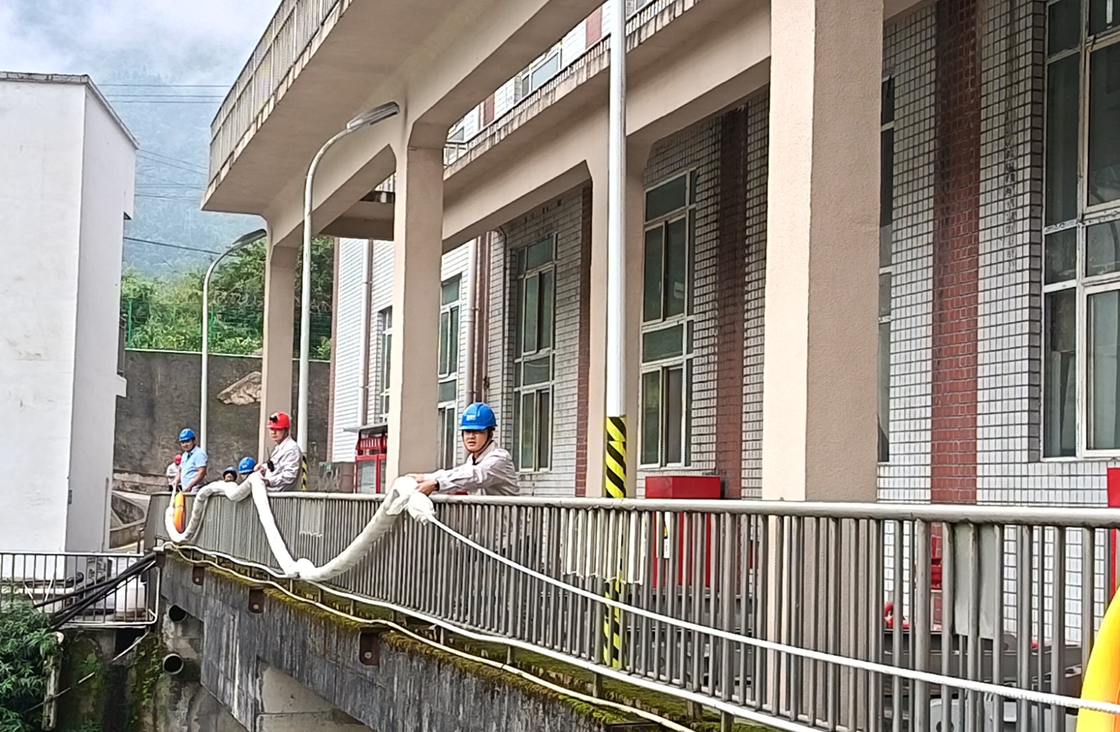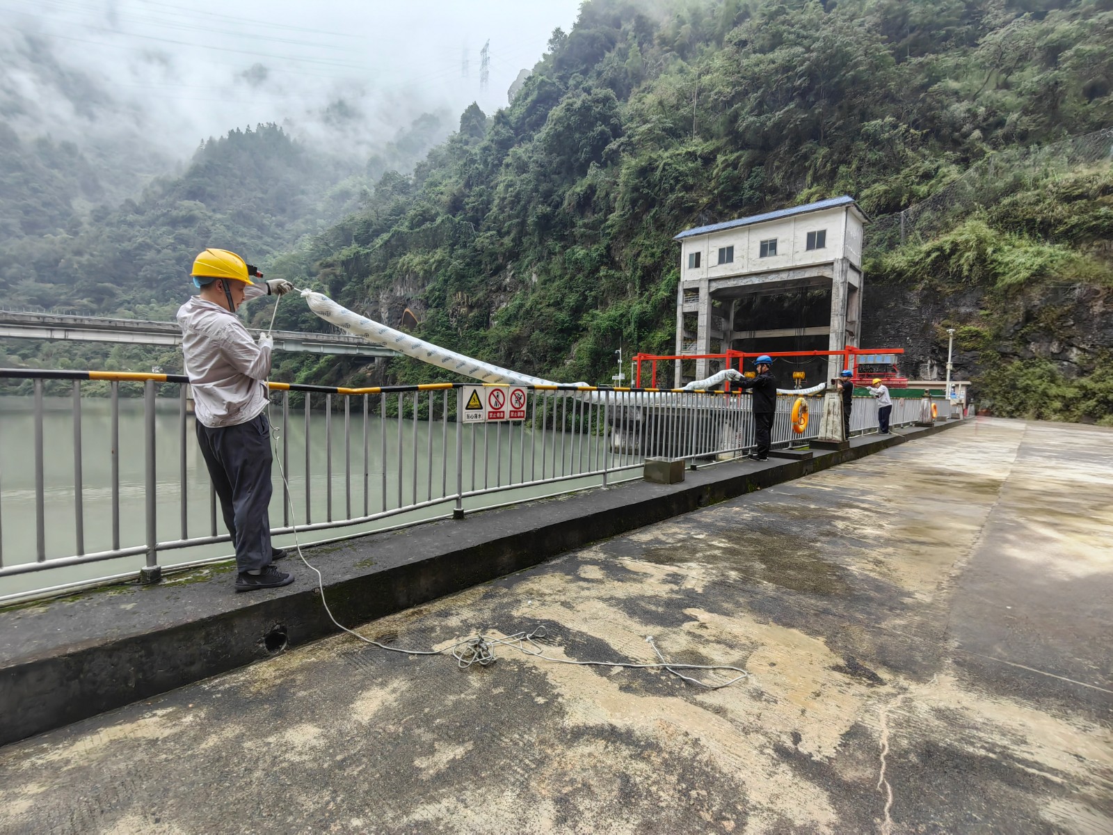 本次演練背景設(shè)定為電站大壩2#泄洪閘左側(cè)齒輪箱突發(fā)漏油,約50升齒輪油濺落至庫(kù)區(qū)水面并擴(kuò)散,值班人員發(fā)現(xiàn)險(xiǎn)情后立即啟動(dòng)應(yīng)急響應(yīng)。中控室迅速協(xié)調(diào)上下游鍋浪蹺、匯溪電廠調(diào)整出力流量并協(xié)助布設(shè)攔油設(shè)施;運(yùn)行組與應(yīng)急搶險(xiǎn)組攜帶吸油氈、攔油索等器材趕赴現(xiàn)場(chǎng),對(duì)漏油點(diǎn)進(jìn)行封堵,同時(shí)在閘門前和水面關(guān)鍵區(qū)域鋪設(shè)攔油繩,防止污染擴(kuò)散;后勤保障組全程待命,確保物資供應(yīng)和人員安全。經(jīng)過30分鐘緊張有序的處置,油污被徹底清理,庫(kù)區(qū)水質(zhì)未受影響,演練圓滿完成。
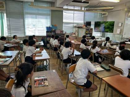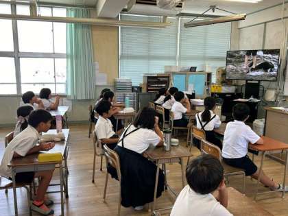 2・3・4年生の教室でも、子どもたちが動画を見ていました。
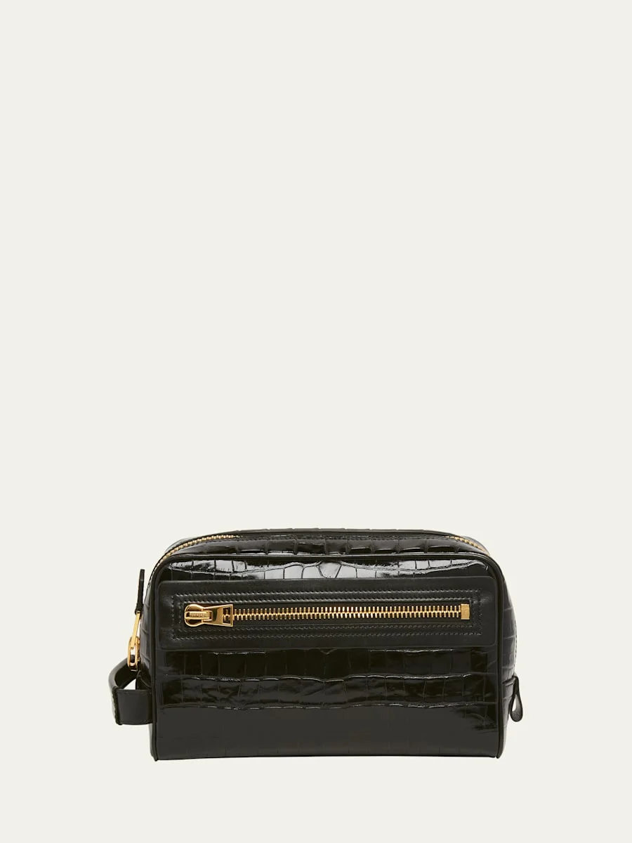 Men's Crocodile-Print Leather Toiletry Case
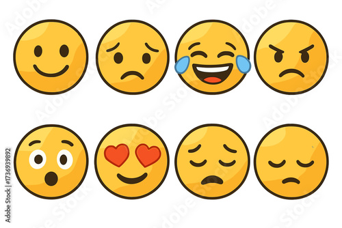 Emoji set vector illustration. Emoticon face collection. Cute cartoon character icon with various emotions. Happy, sad, angry, love, laugh, surprised. Mood expression symbol.
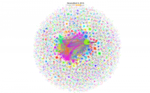 Also the Netlytic network visualizer revealed that even with a relatively small sample of tweets, we were able to find some interesting patterns in data. For example, in the case of tweets about Oscars, although the overwhelming majority of the tweets on this topic (~3 million) were simple retweets of the Ellen’s selfie; the network representation of the data shows that there are other topics discussed around this event such as tweets about the MyOscarPhoto campaign and discussions around the fashion and style of celebrities during the Oscars (see above).Â

====

#### [WORK REQUIRED]
In the records above, find the line containing "2・3・4年生の教室でも、子どもたちが動画を見ていました。" and the line containing "Emoji set vector", then give both of them again word for word along with every line between. Omit any pictures.

#### [RESPONSE BOX]
 2・3・4年生の教室でも、子どもたちが動画を見ていました。
 Men's Crocodile-Print Leather Toiletry Case
 Emoji set vector illustration. Emoticon face collection. Cute cartoon character icon with various emotions. Happy, sad, angry, love, laugh, surprised. Mood expression symbol.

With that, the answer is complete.